Я лежу на носилках неподвижно, как труп, а Прокоп и Фрисландер выносят
меня.
--------
VII. Явь
Цвак взбежал по лестнице впереди нас, и я слышал, как Мириам, дочь
архиварнуса Гиллеля, тревожно расспрашивала его, а он старался ее успокоить.
Я нисколько не старался вслушиваться в то, о чем говорили, и скорее
догадался, чем понял из слов: Цвак рассказывал, что мне стало худо, и они
ищут первой помощи, чтобы привести меня в сознание.
Я все еще не мог шевельнуть ни одним членом, и невидимые силы все еще
сжимали мне язык, но мысли мои были тверды и ясны, а чувство страха оставило
меня. Я знал точно, где я был, что со мной случилось, и находил вполне
естественным, что меня внесли, как покойника, в комнаты Шемайи Гиллеля,
опустили на пол и оставили одного.
Мной овладело спокойное естественное удовлетворение, которое испытывают
при возвращении домой после долгого странствования.

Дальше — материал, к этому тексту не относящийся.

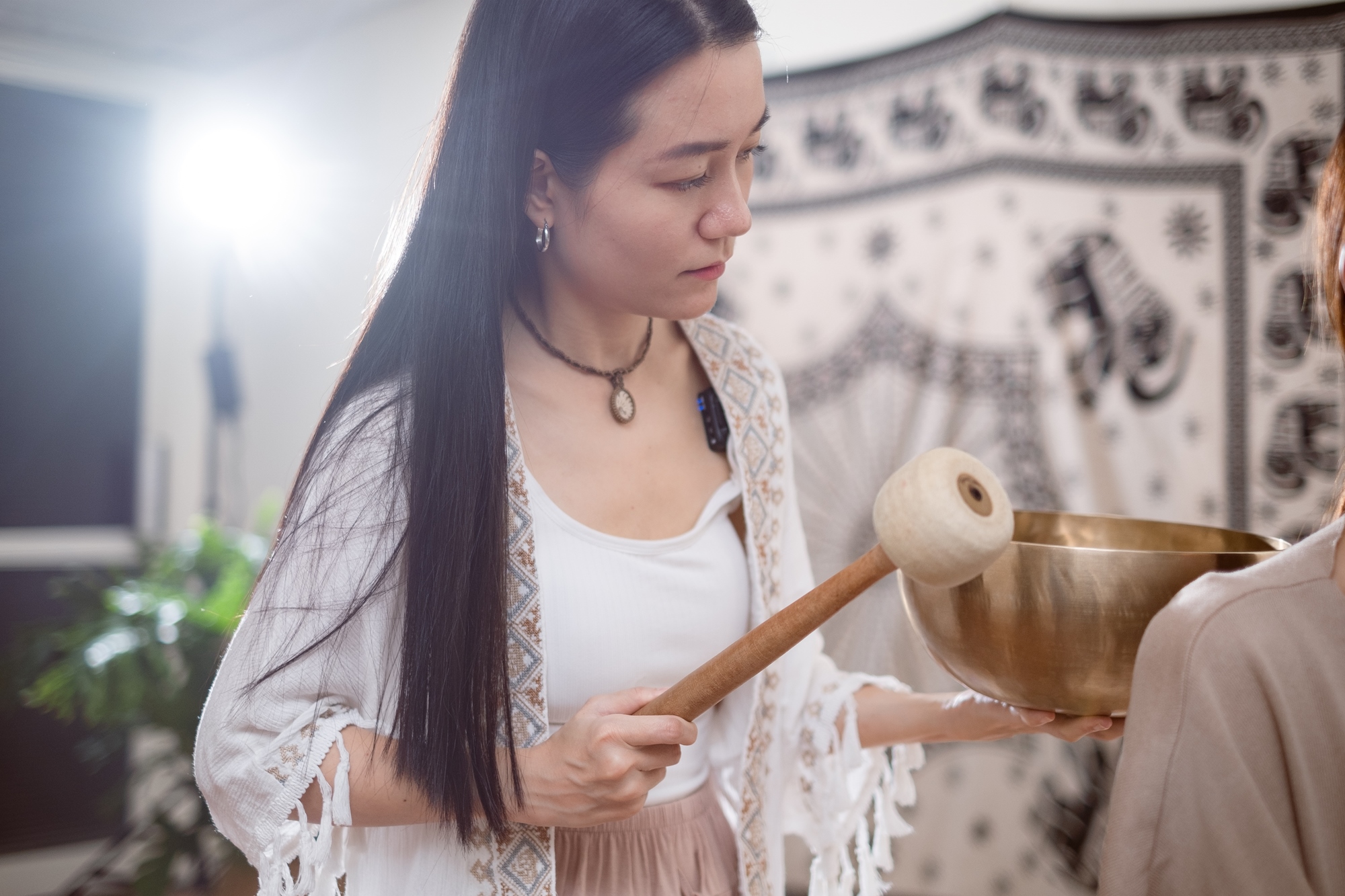 頌缽音療是溫和無侵入的療癒工具,因為人體70%是水份,可將缽音的共振傳達到細胞深處,協助清理淤塞的地方,並將失衡的部位調整回原本的位置。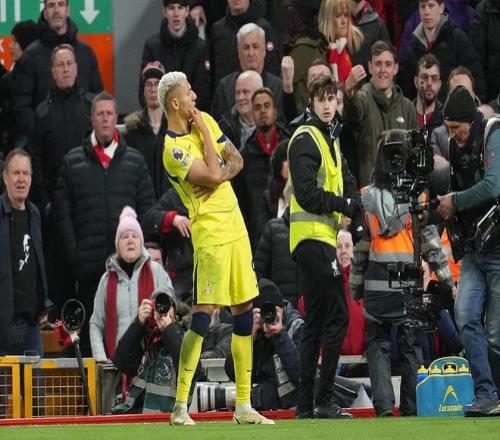 完成绝平进球的里沙利松摆出pose。

В комнате было темно. Крестовидные очертания оконных рам расплывались в
светящемся тумане, проникавшем с улицы.
Все казалось мне вполне естественным, и я не удивился ни тому, что
Гиллель вошел с еврейским субботним семисвечником, ни тому, что он спокойно
сказал мне "добрый вечер", как говорят человеку, которого поджидали.
Нечто в этом человеке вдруг бросилось мне в глаза, пока он расхаживал
по комнате, поправляя разные предметы на комоде и зажигая второй
семисвечник. А ведь мы встречались с ним часто, три или четыре раза в
неделю, на лестнице, и ничего особенного я в нем не замечал за все то время,
что я жил в этом доме.
Мне бросились в глаза: пропорциональность всего его тела и отдельных
членов, тонкий очерк лица с благородным лбом.
Он должен был быть, как я теперь рассмотрел при свете, не старше меня,
самое большее ему могло быть 45 лет.
-- Ты пришел,-- заговорил он немного погодя,-- на несколько минут
раньше, чем я предполагал, не то свечи были бы уже зажжены.-- Он указал на
канделябры, подошел к носилкам и направил свои темные, глубокие глаза, как
мне показалось, на кого-то, стоявшего у меня в головах на коленях, но на
кого именно, я не мог рассмотреть. Затем он зашевелил губами и безэвучно
произнес какую-то фразу.
Тотчас же невидимые пальцы отпустили мой язык, и оцененение прошло. Я
приподнялся и оглянулся назад, никого, кроме Шемайи Гиллеля и меня, в
комнате не было.
Так что и его "ты", и замечание, что он ожидал меня, относились ко
мне!?
Еще больше, чем все эти обстоятельства, поразило меня, что я не был в
состоянии почувствовать даже малейшее удивление.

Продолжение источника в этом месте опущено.